Resource Description Framework

This system of defining everything with URIs, and using this to describe the relationships between things, has been formalized in a system known as the Resource Description Framework (RDF). In this section, we’ll look at enough RDF to give us a head start on the rest of the book. For a much deeper insight into RDF, take a look at Shelley Powers’ Practical RDF (O’Reilly).

Because RDF is quite abstract — its ability to be written in different ways notwithstanding — in this chapter we are going to look at what the RDF developers call the “data model,” which we can call “the really simple version, in pictures.”

Resources, PropertyTypes, and Properties

As before, within the data model anything (an object, a person, a document, a concept, a section of a document, etc.) can have a URI. In RDF we call anything addressable with a URI a resource.

Some resources can be used as properties of other resources.
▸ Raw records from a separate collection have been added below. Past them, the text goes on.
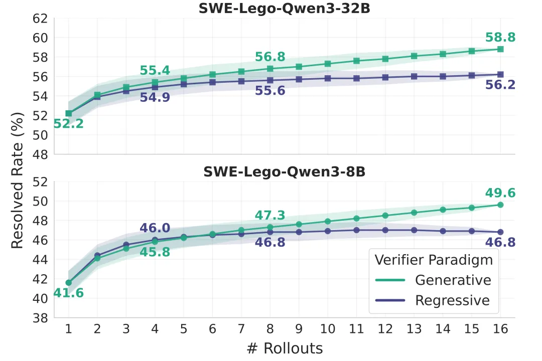打分器用于从多个候选轨迹中选择最佳方案。SWE-Lego 比较了两种范式:回归式打分器和生成式打分器。
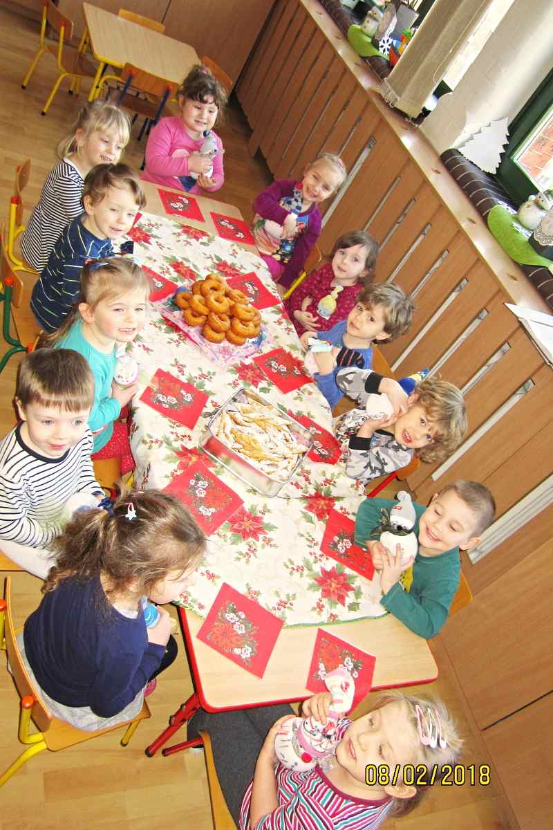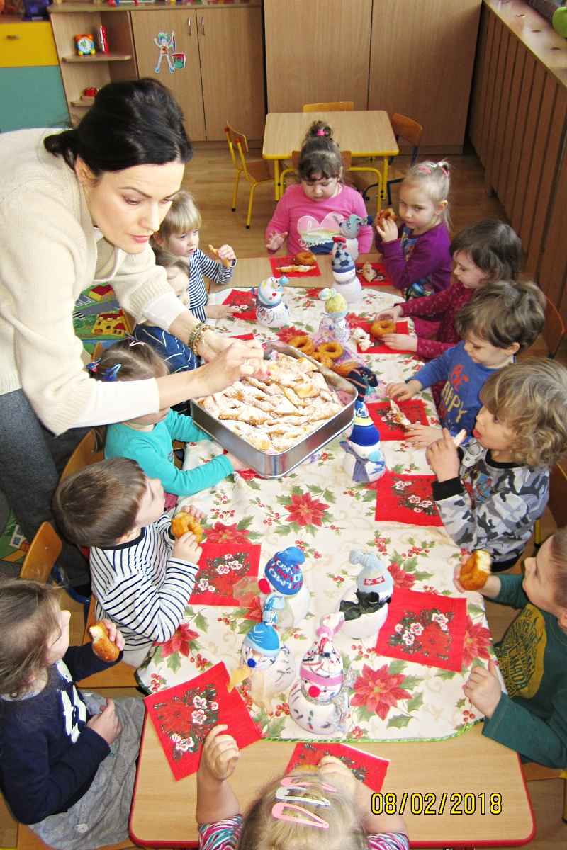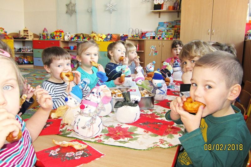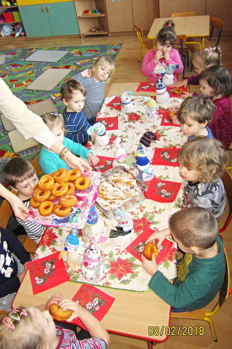 „Tłusty czwartek” u Motylków obfitował w wiele atrakcji. Rodzice Zosi specjalnie na ten dzień upiekli pyszne chrusty i oponki, które dzieci zjadły ze smakiem. Dziękujemy! Na plastyce przedszkolaki, zrobiły sobie piękne bałwanki ze kolorowych skarpet, które będą im umilały zimowy czas.
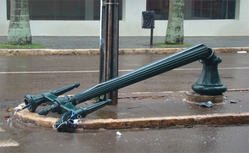O clic é deste domingo de manhã, na av. Manoel Mendes de Camargo, esquina com rua São José. O poste republicano está no chão, com as lâmpadas quebradas e sem seus globos. Como não há sinais de batida, tem cara de vandalismo. E lá se vai o dinheiro público...
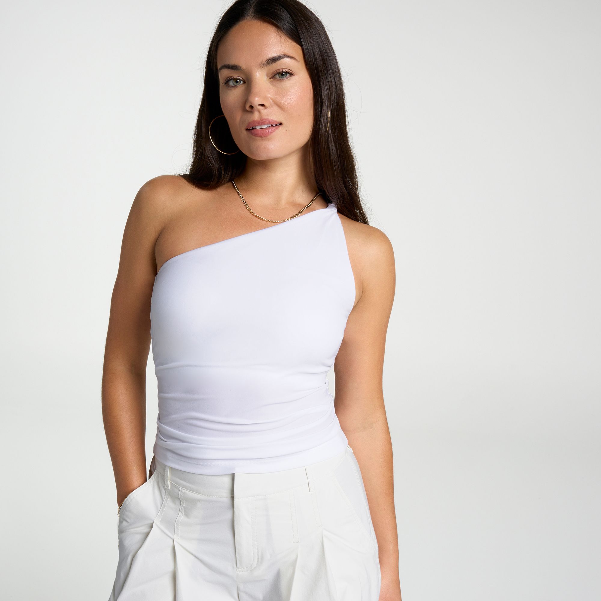 Elevate your workout wardrobe with the CALIA Women's Twist One Shoulder Support Tank. Designed with a sleek one-shoulder silhouette, this tank delivers a bold and confident look while maintaining comfort with its regular fit. Featuring a built-in shelf bra for added support, it’s perfect for your next fitness session or athleisure ensemble.
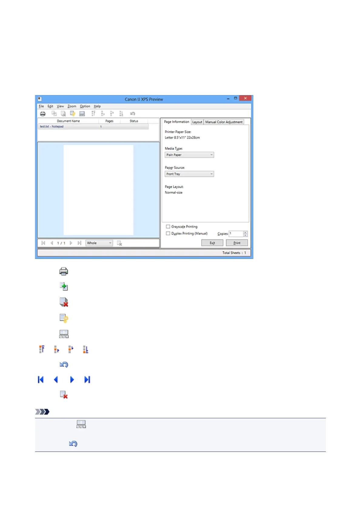 In the Canon IJ XPS preview window, you can edit the print document or retrieve the document print history
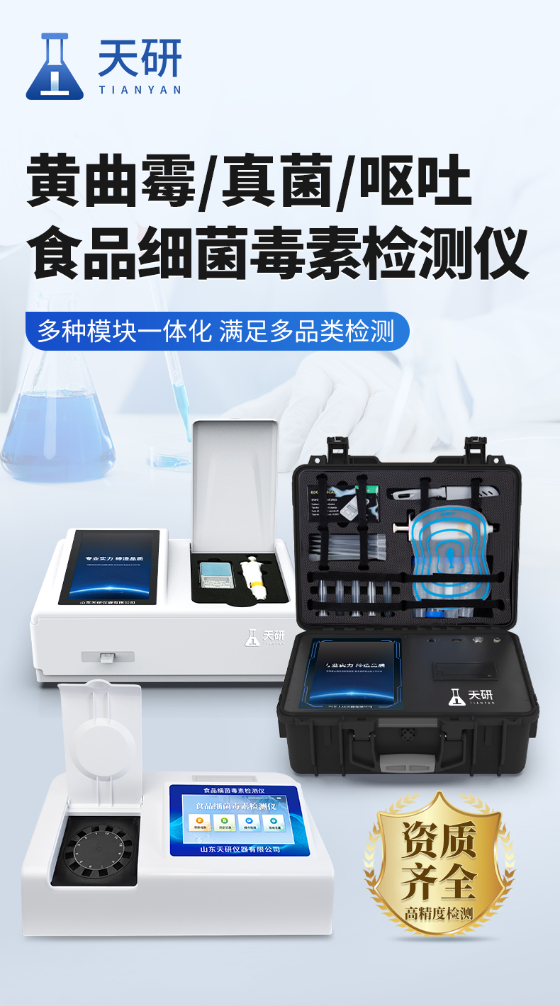 山東天研儀器有限公司生產(chǎn)的真菌毒素檢測(cè)儀應(yīng)用競(jìng)爭(zhēng)抑制免疫層析的技術(shù)原理,通過(guò)就是通過(guò)待檢測(cè)物與抗體結(jié)合的方法,分析待檢樣品中真菌毒素殘留??煽焖贆z測(cè)糧食、飼料、谷物、食用油、調(diào)味品中如玉米、大米、小麥、大麥、糙米、麩皮、稻谷、豆粕、米糠、飼料中的黃曲霉毒素B1、M1、總量,玉米赤霉烯酮、嘔吐毒素、T2毒素、赭曲霉毒素、伏馬毒素等
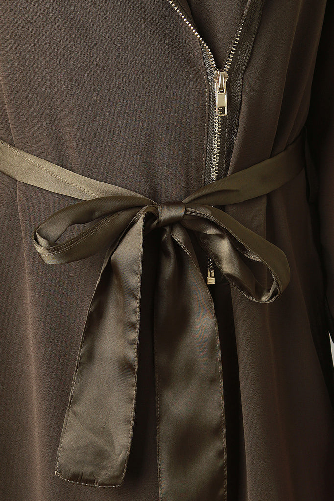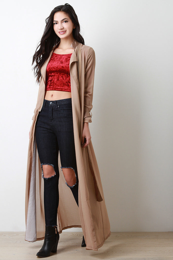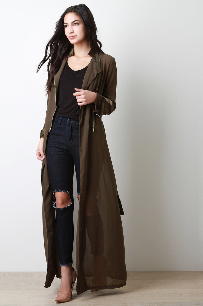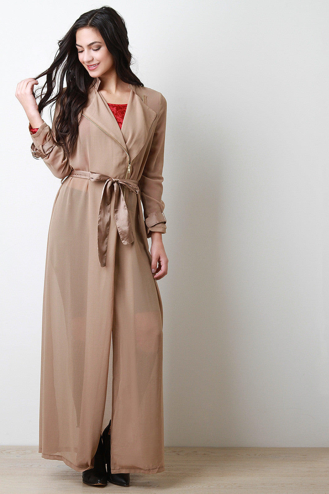 This jacket features a sheer knit fabrication with a moscod mandarin collar with long sleeves and two belt loops on the cuffs of the sleeves. Has a zipper on the higher section of the jacket. After the sipper, this jacket has an opening starting from the end of the zipper about mid-waist and ends on the hem. Includes a shinny polyester belt. Accessories sold separately. 100% polyester.

For example, the concept of “Author” has a URI of its own (all concepts can), and other resources can have a property of “author”. Such resources are called PropertyTypes.

A property is the combination of a resource, a PropertyType, and a value. For example, “The Author of Content Syndication with RSS is Ben Hammersley.” The value can be a string (“Ben Hammersley” in the previous example), or it can be another resource—for example, “Ben Hammersley (resource) has a home page (PropertyType) at (resource).”

Nodes and Arcs

RDF’s ...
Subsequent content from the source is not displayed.